■ Task to carry out ■
Your answer should repeat exactly the lines from the one holding "Брелок-фонарик Castor. Брелок" through the end of the data, and it should contain no pictures.

+++ Data for processing

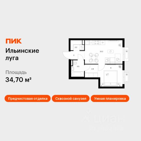 Продаётся 1-комн. квартира площадью 35,2 кв.м на 2 этаже 9 этажного дома (Корпус 4.3, Секция 6) проекта ПИК Ильинские луга. Светлый просторный подъезд на уровне земли, функциональная планировка, большие окна, предчистовая отделка. Жилой район "Ильинские луга" находится в 10 километрах от МКАД по Новорижскому шоссе, в 20 минутах на автомобиле от станций метро "Волоколамская", "Тушинская" и "Строгино". В будущем ближе к проекту, в 9 минутах пути на машине, откроется станция "Ильинская" Рублёво-Архангельской линии, которая будет соединять Арбатско-Покровскую линию и Большую кольцевую линию. Сейчас в квартале начались продажи в корпусах 3.2, 3.3, 3.4, 3.5 и 3.6. "Ильинские луга" — масштабный проект, в который входит девять детских садов, четыре школы и поликлиника. Он строится в престижном и экологичном районе среди лесов и памятников природы. За 5 минут от жилого квартала можно доехать до Рублёво-Успенского шоссе, а за 30 минут — до центра Москвы. До крупного торгового центра "РИГАМОЛЛ" всего 5 минут на автомобиле, а до ТЦ "Твой дом" и гипермаркета "Глобус" — 10 минут. В "Ильинских лугах" строятся только девятиэтажные дома — такая архитектура соответствует спокойной жизни за городом. В каждом дворе-парке есть места для отдыха, детские и спортивные площадки. А ещё, здесь уже открыт большой PlayHub "Гравити" — современное игровое пространство с космической тематикой, холмами, зонами для игр и отдыха жителей любого возраста. На первых этажах уже работают магазины, кафе и пекарни. Места для отдыха от "Ильинских лугов" тоже недалеко: 10 минут на машине — и вы в музее-усадьбе "Архангельское". Также рядом находится Лохин остров — памятник природы, где водятся речные черепахи, есть места для кемпинга и возможность сплавиться по реке. Артикул 1012318 (Застройщик ООО "СЗ "ГРАДОЛИМП")
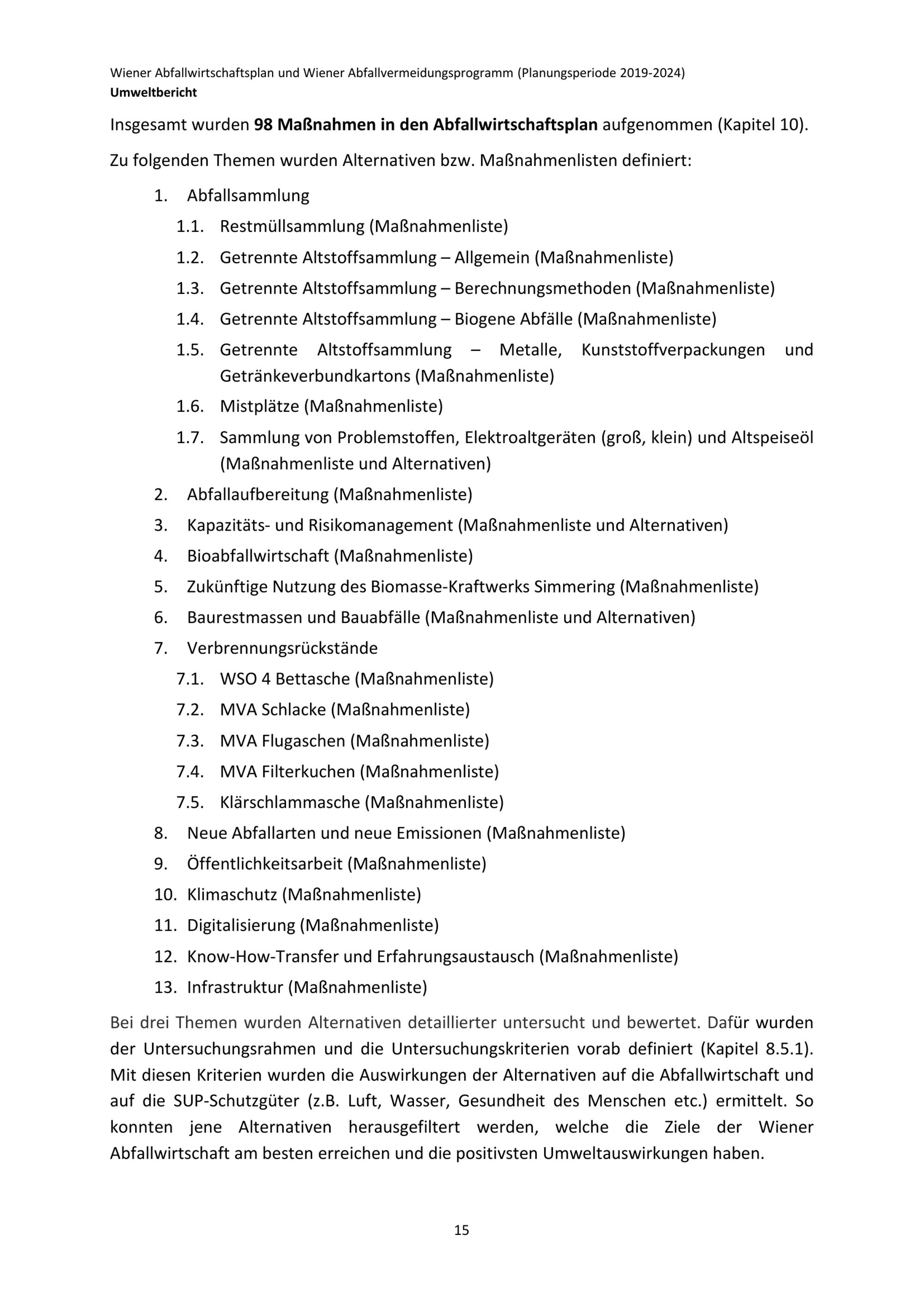 Wiener Abfallwirtschaftsplan und Wiener Abfallvermeidungsprogramm (Planungsperiode 2019-2024) : Umweltbericht zur strategischen Umweltprüfung / Magistratsabteilung 48 - Abfallwirtschaft Straßenreinigung und Fuhrpark ; Autorinnen Lukas Egle, Christian Rolland, Johanna Leutgöb, Elmar Schwarzlmüller
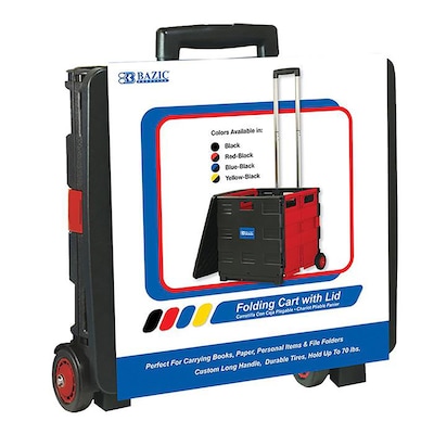 This 2-wheel plastic cart is foldable, so you can assemble it when you need to use it, and fold it down for storage. It has long handle that has few adjustable heights to match your height for comfort use. It is sturdy and can hold up to 70 lbs. Comes with a lid so you can protect your belonging from rain or wind; you can even pile more items on top of the lid to save a trip. Ideal for transporting books, documents, arts & crafts items and more! A great tool for teachers. Black and Red for a sporty feel and greater look.
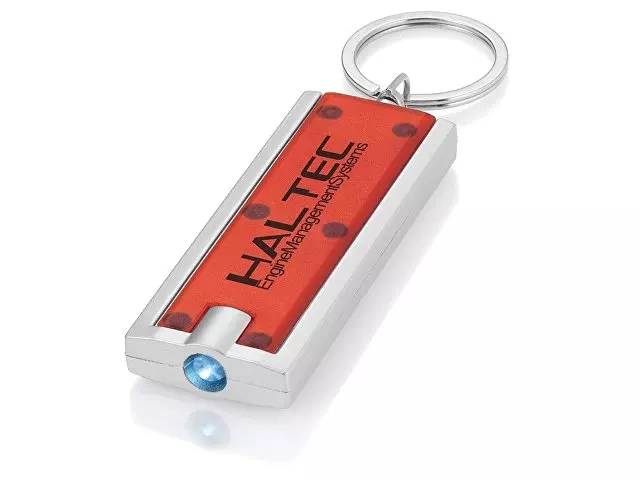 Брелок-фонарик Castor. Брелок с ярким светодиодным фонариком с кнопкой. Металлическое кольцо для ключей. Батарейки включены в комплект. АБС-пластик.
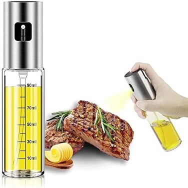 - • 【Premium Material】 -The oil sprayer dispenser was made of 304 stainless steel and food-grade glass, free of BPA and harmless. 100% food safe, This is the most economic and ecological way to add seasonings and oils to food. • 【Multiple Uses】 -The sprayer bottle can contain any liquid, such as olive oil, canola oil, balsamic vinegar, soy sauce, wine, lemon and lime juice, salad dressing, water and other liquids can be used,The attached small funnel allows you to fill up with oil more easily, and the unobstructed hose will not cause oil clogging. • 【Reusable and Visible】 -The oil jet was perfect and easy to fill. This olive oil sprayer is made of stainless steel and food grade glass, transparent glass oil can easily see the capacity and dosage. can recognize the seasoning (oil / vinegar / sauce) quickly. • 【Unique Design】 - The design of the threaded bottleneck of the oil sprayer provides better sealing, the built-in nozzle avoids dust contamination. Bottle marked with a scale, helps you control the amount of oil used during cooking, reduces fat intake. • 【Easy to Use】 - Put your favorite oil or vinegar in the sprayer and press lightly down on the pump for a uniform spray. The simple pumping action produces a fine and uniform sprayer that allows you to better control the amount used and the number of calories, which is healthier for you and your family. Much better and more convenient than using a brush.

++++++

■ Exercise result ■
 Брелок-фонарик Castor. Брелок с ярким светодиодным фонариком с кнопкой. Металлическое кольцо для ключей. Батарейки включены в комплект. АБС-пластик.
 - • 【Premium Material】 -The oil sprayer dispenser was made of 304 stainless steel and food-grade glass, free of BPA and harmless. 100% food safe, This is the most economic and ecological way to add seasonings and oils to food. • 【Multiple Uses】 -The sprayer bottle can contain any liquid, such as olive oil, canola oil, balsamic vinegar, soy sauce, wine, lemon and lime juice, salad dressing, water and other liquids can be used,The attached small funnel allows you to fill up with oil more easily, and the unobstructed hose will not cause oil clogging. • 【Reusable and Visible】 -The oil jet was perfect and easy to fill. This olive oil sprayer is made of stainless steel and food grade glass, transparent glass oil can easily see the capacity and dosage. can recognize the seasoning (oil / vinegar / sauce) quickly. • 【Unique Design】 - The design of the threaded bottleneck of the oil sprayer provides better sealing, the built-in nozzle avoids dust contamination. Bottle marked with a scale, helps you control the amount of oil used during cooking, reduces fat intake. • 【Easy to Use】 - Put your favorite oil or vinegar in the sprayer and press lightly down on the pump for a uniform spray. The simple pumping action produces a fine and uniform sprayer that allows you to better control the amount used and the number of calories, which is healthier for you and your family. Much better and more convenient than using a brush.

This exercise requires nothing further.